A Sad Story of Complicated Idiocy

 A Sad Story of Complicated Idiocy

Yesterday the Jerusalem Post published an editorial entitled “A Gathering Storm:”

As attention is increasingly focused on the drama of disengagement, the unraveling of the Palestinian Authority is quietly proceeding apace.  A quick survey of events of the last week or two is at once shocking and depressing:

Security chief Muhammad Dahlan is openly warning of a "third intifada."

PA Foreign Minister Nasser Al-Kidwa [nephew of Yasser Arafat], in defiance of the road map and Mahmoud Abbas’s promises to confiscate weaponry, has declared the right of all Palestinian groups to maintain their arms "until the end of the occupation."

Hamas is expressing its willingness to join a "unity government" with Fatah after upcoming elections, delayed by Abbas because of Hamas’s electoral strength.

The leader of Islamic Jihad has declared "the calm is over," and joint statements by the terrorist groups say they will soon resume their attacks.

The PA has responded by imploring the assorted militias to maintain calm so as not to interfere with disengagement, begging the question of what will happen after the Israeli withdrawal.

Former GSS chief Avi Dichter, considered the optimist compared to former OC-General Staff Moshe Ya’alon, says the PA has not been lifting a finger against terrorism and opposes the handover of further cities to Palestinian security control.

In attempt to curb anarchy, the PA will not collect weapons, but has resumed executions of alleged "collaborators" and murderers, after cursory military tribunals with no right of appeal. Meanwhile, Fatah has just admitted that some previous victims of "collaborator" executions were innocent.

Two suicide bombings have recently been foiled by Israeli security forces, and warnings and attempted attacks are on the rise.

Smuggling of weaponry from Egypt to both the West Bank and Gaza is rampant, with every indication being that the terrorist groups are using a period they have defined as less than a cease-fire as an opportunity to rearm and regroup for the next round.

The temptation to see all these events through the prism of disengagement should be resisted. Some see this gathering storm as an argument to cancel or postpone that operation, others for proceeding as planned with greater determination. But there is a separate, more important, question from whether disengagement will make it easier or harder to deal with an unraveling Palestinian "partner."

There is the obligation of both Israel and the international community to reexamine the decision to place all its eggs in the basket of Mahmoud Abbas and its notion of what it means to support Palestinian moderation and reform.

The hard fact is that Abbas is not only failing, but also that most trends are in the wrong direction: toward more rearmament, toward denial of previously accepted obligations, toward increasing power of terrorist groups, and away from creating conditions for true democratization through the rule of law.

While some argue that Israel could be helping by removing more checkpoints and releasing more prisoners, what Dichter says of such "experiments" is sobering:  "It’s impossible to jump from the Shalom Tower without a parachute every time and say:  ‘Wow, we crashed.’"
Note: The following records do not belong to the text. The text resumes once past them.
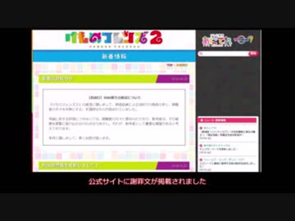 続き>><a href="https://www.nicovideo.jp/watch/sm43736819" class="watch">sm43736819</a><br>今回の予習動画<br><a href="https://www.nicovideo.jp/watch/sm34965186" class="watch">sm34965186</a><br><br>参考ブログ<br><a href="https://web.archive.org/web/20190408154059/http://www.hosoya.tv/2013/02/nhkpr.html" target="_blank" rel="noopener nofollow">https://web.archive.org/web/20190408154059/http://www.hosoya.tv/2013/02/nhkpr.html</a><br><br>この件に関しての問い合わせされたい方が見るべき動画<br><a href="https://www.nicovideo.jp/watch/sm34975493" class="watch">sm34975493</a><br><br>4/1 最終回放送<br>4/2 生放送アンケートで榊遊矢に大勝利を収める <br>4/3 細谷伸之と氷村ふぁねるが同時停止 <br>4/4 ケムリクサ12.1話が公開から3時間で100万再生 <br>4/5 屋形船の欠航が判明 <br>4/6 榊正宗氏が氷村ふぁねるの開示請求を検討開始 <br>4/7 たつき「おふとん気持ち良い」 <br>4/8 木村隆一がおふとんに敗北 <br>4/9 沼田心之介が独りで慌てる <br>4/10 都市伝説がコーヒーに敗北 <br>4/11 AGNのけもフレちゃんねる管理人呼び出しが発覚 <br>4/12 けもフレちゃんねるが不正アクセスを受ける <br>4/13 あかり先生がブログ更新<br>4/14 沼田心之介youtuberになる<br>4/15 テレ東お詫び(になってない)ニュースがyahooトップ<br>4/16 振り返り上映会から細谷P逃亡(助監督シールド)<br><br>前>><br><br>この動画は基本的にコメントが流れることを前提に作られています<br>もし他サイトに転載したいという方がいたら出典元明記の上ご自由にどうぞ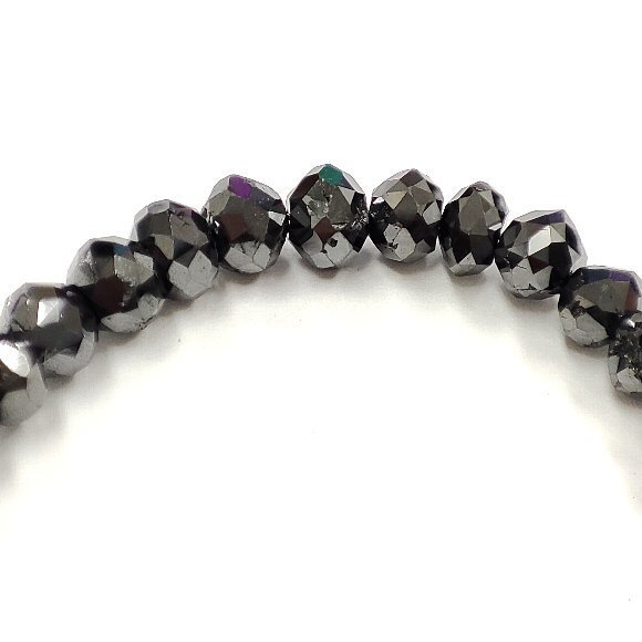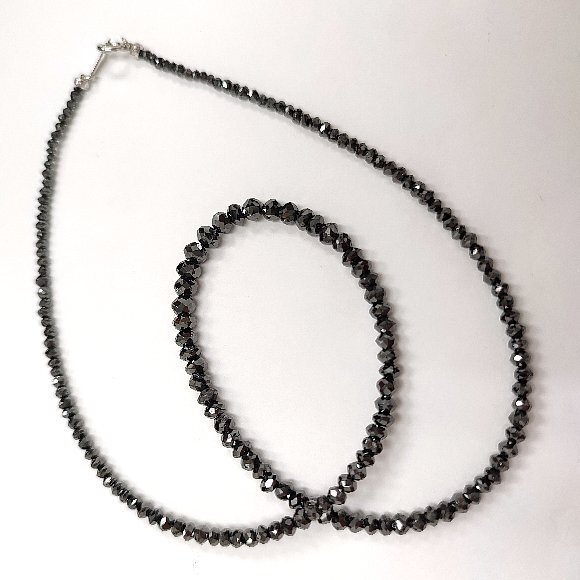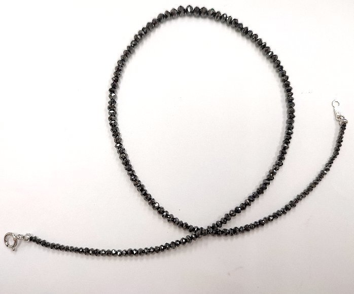 合計、20.00カラット 約4.5mm ~ 約2.0mmの天然ブラックダイヤモンドをグラデーションにセットされた豪華なルースネックレスです。全長は、約42センチで引き輪等の金具は、プラチナ850 が使われてます。天然石故のキズ等が見られます。使用感による擦れキズが確認できますが、ヨレや歪みはございません。 |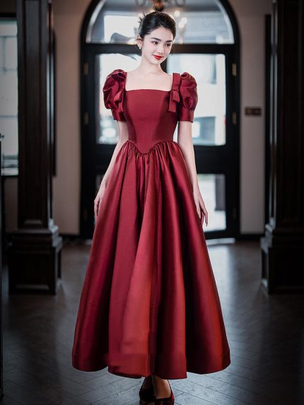 Product information: Pattern: Solid color Style: Elegant Waist type: middle-waisted Popular element: straps Color classification: red Sleeve type: Bubble sleeves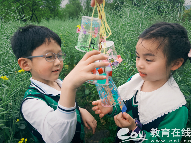 中班的孩子们则化身为春天的“花草信使”,开启了一场与花草对话的探秘之旅。他们手提小竹篮,在草地和林荫间细心寻觅,轻轻捡起飘落的花瓣,巧手制作出一件件精美的花草作品,将大自然慷慨地回赠“带”回家中。这场“花草信使”之旅,让孩子们在拾捡与创作中,读懂了春天的温柔与慷慨。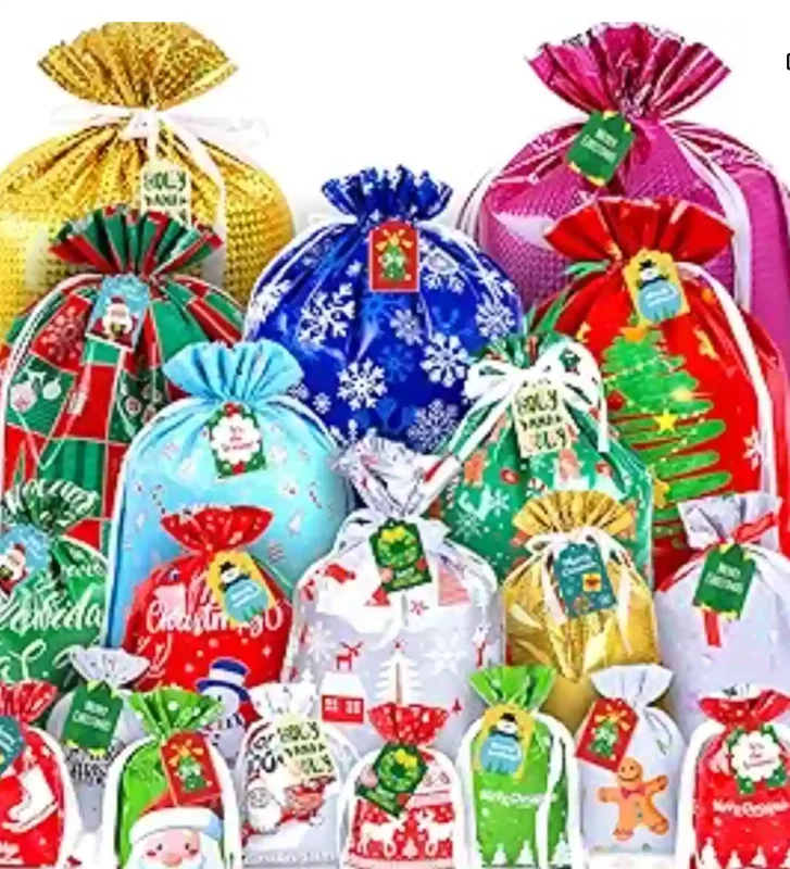 FESTIVE HOLIDAY DESIGNS: Our Christmas drawstring gift bags assorted sizes feature charming Christmas patterns, such as Christmas trees, gingerbread men,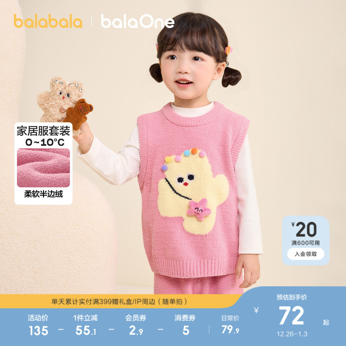 【balaOne】巴拉巴拉童装儿童马甲2025冬装新半边绒内搭保暖背心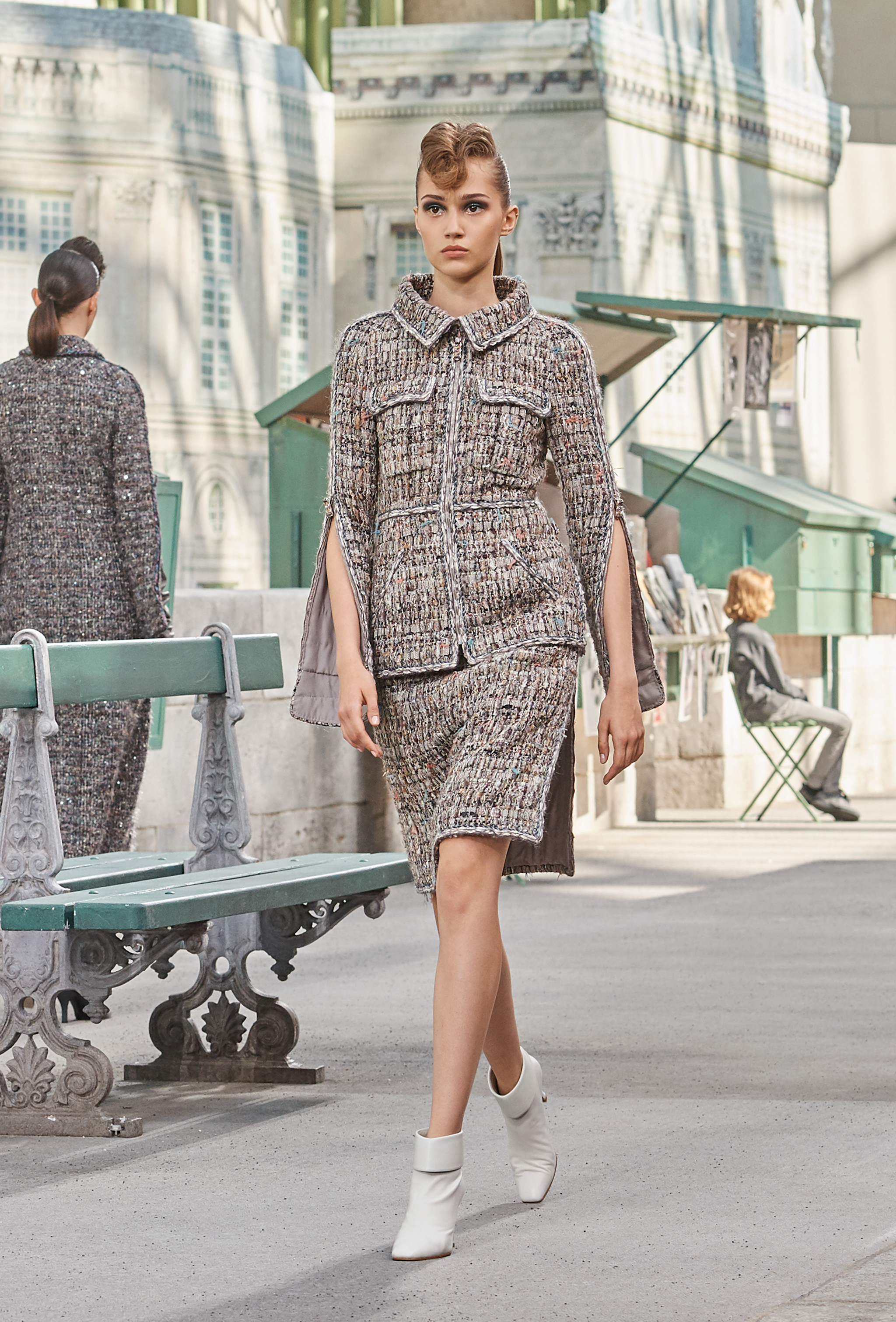 Leave it to Karl Lagerfeld to re-create a stretch of the Seine right within Paris itself. When I first caught glimpses of the Chanel Couture show, shot against green benches and open-air bookstalls and charming street corners, I thought the show had been taken to the streets of Paris itself. But it wouldn’t be a Chanel show without an impressive runway set, and for this one, Lagerfeld decided to create a Parisian promenade and some of the city’s famous landmarks to bring the sights and sounds of Paris within the walls of the Grand Palais. The show was an obvious homage to the city of Paris itself.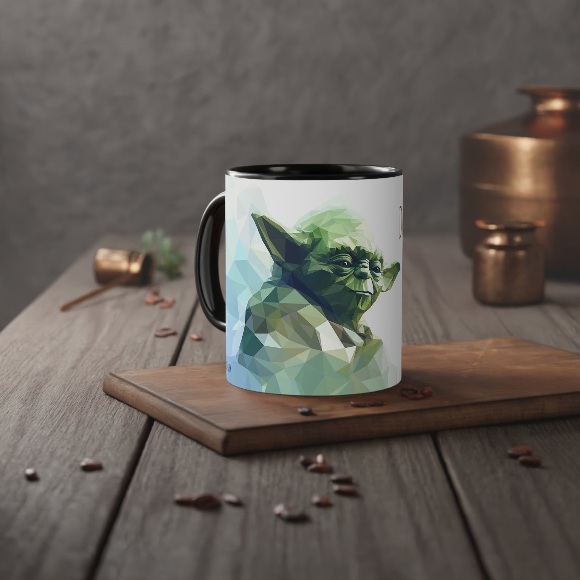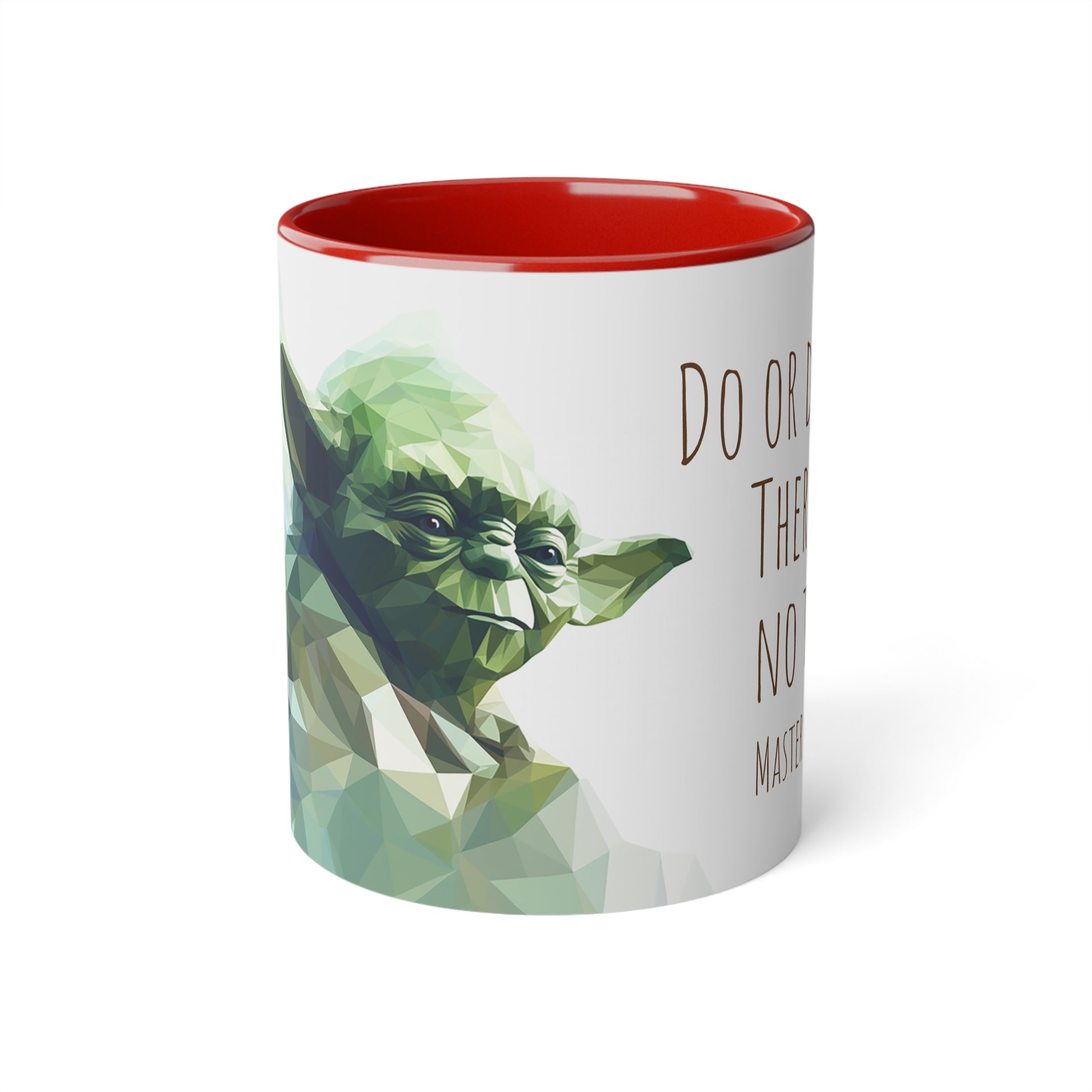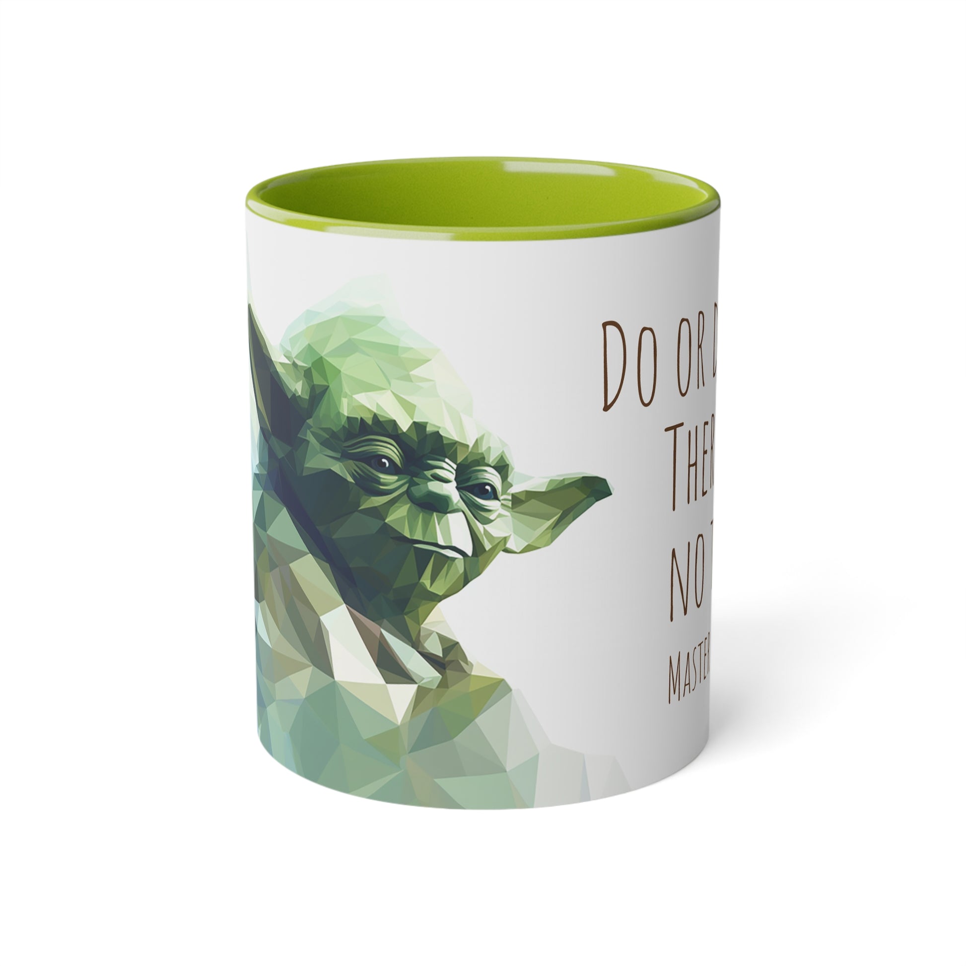 Keywords: Yoda mug, Geometric style, Bicolor design, Do or Do Not, No Try, Inspiring wisdom, Jedi Master, Iconic character, Profound guidance, Conquer challenges, Daily reminder, Beverage enjoyment, Drinkware collectible, Star Wars vibes.

Perhaps it is time to consider the possibility that Abbas’s rule has suffered not from too little help but from too much.  How surprising is it that Abbas moves further and further away from the key task demanded of him by the international community — confiscating weapons and dismantling the infrastructure of terrorism — when international assistance to him only increases as the situation deteriorates?

The claim that Hamas would be worse cannot be allowed to absolve Abbas’s PA of its minimal requirements and obligations.  In fact, as in the time of Yasser Arafat, the worst situation is not Hamas control, but a PA that serves as a fig leaf for what is increasingly an anarchic terror state.

Whether the goal is saving disengagement or preparing for the day after, the time to force the PA to confront terror is now.

The title of the Jerusalem Post editorial is of course the same as Volume I of Winston Churchill’s monumental history of the Second World War.  The theme of that volume, stated on its cover page, was:

How the English-Speaking Peoples

Through Their Unwisdom

Carelessness and Good Nature

Allowed the Wicked to Rearm

Churchill describes the period before World War II as “a sad story of complicated idiocy in the making of which much toil and virtue was consumed.” 

[S]trict enforcement at any time till 1934 of the Disarmament Clauses of the Peace Treaty would have guarded indefinitely, without violence or bloodshed, the peace and safety of mankind.  But this was neglected while the infringements remained petty, and shunned as they assumed serious proportions. . . . The crimes of the vanquished find their background and their explanation, though not, of course, their pardon, in the follies of the victors.

More than two years ago, the Palestinian Authority committed itself in the Road Map to “sustained, targeted, and effective operations aimed at confronting all those engaged in terror and dismantlement of terrorist capabilities and infrastructure” — a process that was to be completed by June 2003.

All sorts of sophisticated reasons have been advanced for ignoring the PA’s repeated failure — and announced unwillingness — to do so:  Abbas is too weak, he needs more money, he needs concessions, he needs to show the Palestinians he can produce results (concessions), he needs more time, he has a better way, he needs reassurances from Bush, he needs blah blah blah. 

Meanwhile, the state of Hamastan is being created in Gaza.  It is a sad story of complicated idiocy.